Когда последние птицы улетали на юг, Волчонок, стоя на балконе, провожал их грустным взглядом. Впрочем, балкона у него не было. Зато были огромные серые глаза, в которых отражались небо, облака и птицы.
Матёрый Волк неслышно подкрадывался к Волчонку сзади.
— Улетают птицы в дальние края, — декламировал он. — Вот наступит время — полечу и я...
Матёрый Волк любил выражаться стихами. А Волчонок всегда вздрагивал от неожиданности. Он был пуглив и боялся всего на свете. Только Матёрого Волка не боялся.
Они медленно брели, шурша опавшими листьями. Вечерний город засыпал. В воздухе пахло чем-то жареным, но холодным.
— Ты что такой грустный? — задавал свой обычный вопрос Волчонок.
— Овечку загрыз, — нехотя признавался Матёрый Волк.
— Вкусная была?
— Нет, костлявая. Жалко её.
— Питаться чем-то надо... — утешал его Волчонок.
Они присаживались на берегу пруда. В чёрной
воде плескались утки — глупые такие.
— Эх, вода холодная, — облизывался Матёрый Волк, — а то бы нырнул.

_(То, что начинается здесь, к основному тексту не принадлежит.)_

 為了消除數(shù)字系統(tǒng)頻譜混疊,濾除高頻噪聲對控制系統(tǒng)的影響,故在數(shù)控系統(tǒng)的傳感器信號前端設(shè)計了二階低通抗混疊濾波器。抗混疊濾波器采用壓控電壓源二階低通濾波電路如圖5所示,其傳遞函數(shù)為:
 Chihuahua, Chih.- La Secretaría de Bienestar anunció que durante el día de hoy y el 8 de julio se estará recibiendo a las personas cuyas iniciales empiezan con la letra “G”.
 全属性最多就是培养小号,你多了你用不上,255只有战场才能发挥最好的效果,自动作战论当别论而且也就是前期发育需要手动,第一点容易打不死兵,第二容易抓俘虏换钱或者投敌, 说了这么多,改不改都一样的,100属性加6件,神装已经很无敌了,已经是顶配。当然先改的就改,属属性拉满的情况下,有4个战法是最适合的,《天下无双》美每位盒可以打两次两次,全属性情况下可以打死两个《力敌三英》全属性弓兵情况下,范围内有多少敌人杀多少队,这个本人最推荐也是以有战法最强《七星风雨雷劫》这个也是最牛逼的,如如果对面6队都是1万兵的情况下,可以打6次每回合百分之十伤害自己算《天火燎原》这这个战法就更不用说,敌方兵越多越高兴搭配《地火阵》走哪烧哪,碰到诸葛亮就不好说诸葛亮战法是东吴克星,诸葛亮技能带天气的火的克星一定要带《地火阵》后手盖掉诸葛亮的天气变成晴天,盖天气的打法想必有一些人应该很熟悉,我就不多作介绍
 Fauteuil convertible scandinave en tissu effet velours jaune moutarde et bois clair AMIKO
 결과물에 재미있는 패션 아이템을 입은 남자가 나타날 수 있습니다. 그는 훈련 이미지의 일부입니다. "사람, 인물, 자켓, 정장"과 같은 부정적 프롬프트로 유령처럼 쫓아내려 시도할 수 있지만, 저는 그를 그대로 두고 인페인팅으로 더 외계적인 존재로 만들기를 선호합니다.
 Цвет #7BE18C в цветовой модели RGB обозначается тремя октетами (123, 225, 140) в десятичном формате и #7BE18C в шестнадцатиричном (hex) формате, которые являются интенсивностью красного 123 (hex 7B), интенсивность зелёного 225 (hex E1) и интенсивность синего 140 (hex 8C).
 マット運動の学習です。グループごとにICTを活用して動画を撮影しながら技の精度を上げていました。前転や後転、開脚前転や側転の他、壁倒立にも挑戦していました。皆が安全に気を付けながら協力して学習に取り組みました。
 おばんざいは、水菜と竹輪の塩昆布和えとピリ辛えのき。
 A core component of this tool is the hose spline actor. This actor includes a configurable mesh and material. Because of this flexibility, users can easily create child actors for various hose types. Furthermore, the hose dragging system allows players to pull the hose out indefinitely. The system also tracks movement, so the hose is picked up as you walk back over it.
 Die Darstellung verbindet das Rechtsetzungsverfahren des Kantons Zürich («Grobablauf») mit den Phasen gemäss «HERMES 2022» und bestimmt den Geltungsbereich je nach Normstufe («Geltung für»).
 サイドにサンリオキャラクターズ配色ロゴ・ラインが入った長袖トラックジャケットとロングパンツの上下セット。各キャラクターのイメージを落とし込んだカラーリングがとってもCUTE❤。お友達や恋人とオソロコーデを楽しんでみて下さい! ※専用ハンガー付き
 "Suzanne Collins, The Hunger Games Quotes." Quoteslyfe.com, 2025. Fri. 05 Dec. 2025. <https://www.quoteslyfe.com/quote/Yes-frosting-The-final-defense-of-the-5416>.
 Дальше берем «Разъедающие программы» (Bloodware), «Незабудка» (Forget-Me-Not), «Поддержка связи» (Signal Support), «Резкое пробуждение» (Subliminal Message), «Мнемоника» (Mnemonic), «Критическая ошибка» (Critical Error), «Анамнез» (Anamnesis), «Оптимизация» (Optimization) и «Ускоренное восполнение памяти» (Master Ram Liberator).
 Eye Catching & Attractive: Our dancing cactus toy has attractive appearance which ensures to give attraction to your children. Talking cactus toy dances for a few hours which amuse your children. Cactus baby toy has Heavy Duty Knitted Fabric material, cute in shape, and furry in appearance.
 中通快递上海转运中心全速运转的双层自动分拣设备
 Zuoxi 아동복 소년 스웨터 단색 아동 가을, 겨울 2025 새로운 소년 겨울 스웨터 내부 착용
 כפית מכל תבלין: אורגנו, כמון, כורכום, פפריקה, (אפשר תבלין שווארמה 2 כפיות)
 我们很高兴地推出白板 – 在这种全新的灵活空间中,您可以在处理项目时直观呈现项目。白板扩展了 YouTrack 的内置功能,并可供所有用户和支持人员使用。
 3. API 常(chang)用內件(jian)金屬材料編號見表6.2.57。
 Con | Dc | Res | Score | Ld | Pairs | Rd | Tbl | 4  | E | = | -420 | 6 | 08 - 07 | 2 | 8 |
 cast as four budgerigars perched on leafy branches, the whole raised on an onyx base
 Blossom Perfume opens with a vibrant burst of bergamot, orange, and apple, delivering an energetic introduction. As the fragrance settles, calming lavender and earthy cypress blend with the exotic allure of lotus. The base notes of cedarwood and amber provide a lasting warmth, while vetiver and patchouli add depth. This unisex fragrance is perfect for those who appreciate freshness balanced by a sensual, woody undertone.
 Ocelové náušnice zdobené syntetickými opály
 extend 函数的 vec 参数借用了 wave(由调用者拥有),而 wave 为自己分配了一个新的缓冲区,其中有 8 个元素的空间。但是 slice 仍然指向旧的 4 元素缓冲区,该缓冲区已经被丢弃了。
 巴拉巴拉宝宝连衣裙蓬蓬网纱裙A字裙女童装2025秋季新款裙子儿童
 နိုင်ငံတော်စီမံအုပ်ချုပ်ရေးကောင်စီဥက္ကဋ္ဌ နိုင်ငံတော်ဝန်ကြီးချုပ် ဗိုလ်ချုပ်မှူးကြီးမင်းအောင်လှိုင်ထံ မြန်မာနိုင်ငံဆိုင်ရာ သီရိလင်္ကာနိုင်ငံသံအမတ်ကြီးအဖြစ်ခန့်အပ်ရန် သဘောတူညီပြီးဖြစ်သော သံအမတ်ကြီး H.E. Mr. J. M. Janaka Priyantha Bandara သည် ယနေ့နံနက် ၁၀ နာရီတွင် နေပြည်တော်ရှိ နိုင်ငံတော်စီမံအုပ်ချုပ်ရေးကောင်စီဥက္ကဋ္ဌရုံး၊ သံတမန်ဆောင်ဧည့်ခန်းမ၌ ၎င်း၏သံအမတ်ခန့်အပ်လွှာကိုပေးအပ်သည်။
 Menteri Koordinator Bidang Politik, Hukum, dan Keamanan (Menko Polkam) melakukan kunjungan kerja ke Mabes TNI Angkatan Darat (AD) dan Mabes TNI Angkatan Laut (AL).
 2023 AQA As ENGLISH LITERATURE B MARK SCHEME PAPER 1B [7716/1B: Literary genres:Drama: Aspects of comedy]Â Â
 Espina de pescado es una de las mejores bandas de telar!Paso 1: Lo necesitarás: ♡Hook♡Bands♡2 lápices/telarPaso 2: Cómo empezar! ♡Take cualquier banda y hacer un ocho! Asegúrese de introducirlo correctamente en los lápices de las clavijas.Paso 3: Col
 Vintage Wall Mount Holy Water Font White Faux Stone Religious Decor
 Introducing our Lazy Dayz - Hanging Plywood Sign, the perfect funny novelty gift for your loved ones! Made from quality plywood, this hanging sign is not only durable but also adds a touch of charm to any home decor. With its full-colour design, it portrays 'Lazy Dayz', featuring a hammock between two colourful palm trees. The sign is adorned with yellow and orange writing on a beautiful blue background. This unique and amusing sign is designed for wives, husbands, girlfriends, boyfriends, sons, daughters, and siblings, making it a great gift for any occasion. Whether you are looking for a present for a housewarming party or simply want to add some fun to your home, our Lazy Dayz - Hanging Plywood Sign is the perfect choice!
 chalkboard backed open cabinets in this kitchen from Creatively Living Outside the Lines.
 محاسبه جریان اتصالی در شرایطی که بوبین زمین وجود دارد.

— А я плавать не умею, — говорил Волчонок, думая о своём.
Минуту спустя Матёрый Волк начинал выть:
— У-у-у!.. Хууудо мне тууут! И овечки худыыые. Убегу я отсюда, убегу-у-у...
— Куда убежишь?
— В Северные Края. Там овцы — знаешь какие? Как чемоданы! Дико упитанные.
Волчонок растерянно моргал серыми глазами:
— А как же я?
— Убежим вместе!
— Не могу. У меня тут мама, папа, дом...
— Дом... — кивал Матёрый Волк. — А я вот бездомный.
— А там ты с тоски взвоешь.
Так они беседовали. Тем временем в печати сообщали о наступлении зимы. Поверхность пруда затянулась тонким льдом. Большие снежинки опускались на мягкую шёрстку Волчонка. И не таяли.
— Вот и снег на тебе не тает, — вздыхал Матёрый Волк. — Окоченеешь скоро совсем.
— Не убегай! — просил Волчонок сероглазый. — Мне будет грустно без тебя.
— Да на что я тебе, матёрый такой?
— Ты мудрый.
— У меня вон шерсть выпадает. От недостатка витаминов.
— Ты милый...
— Зубы часто ломаются.
— Овечек надо меньше грызть, — чуть не всхлипывал Волчонок.
Он доверчиво прижимался к Матёрому Волку пушистой головою, усыпанной снежинками, и его шейка казалась ещё тоньше. Матёрый Волк неуклюже гладил её. «Загрызть, что ли?» — угрюмо думал он.
В конце зимы Матёрый Волк убежал-таки в Северные Края. Убежал незаметно — Волчонок даже не успел подарить ему свой любимый медный чайник, в который нельзя налить ни капли воды — в чайнике не было отверстий. А по весне от Матёрого Волка пришла короткая весточка: «Дорогой Волчонок! Тут полно овец — толстых, жирных, тупых и глупых. Даже питаться ими не хочется. В свободное от еды время слушаю музыку. Одна песня дико нравится, начинается так: YOUR EYES ARE COLORED LIKE WIND... Это на английском. По- моему, про тебя. В общем, у меня всё о'кей! Только тоскливо бывает. Выть иногда хочется. Но тут выть не принято — овец можно распугать.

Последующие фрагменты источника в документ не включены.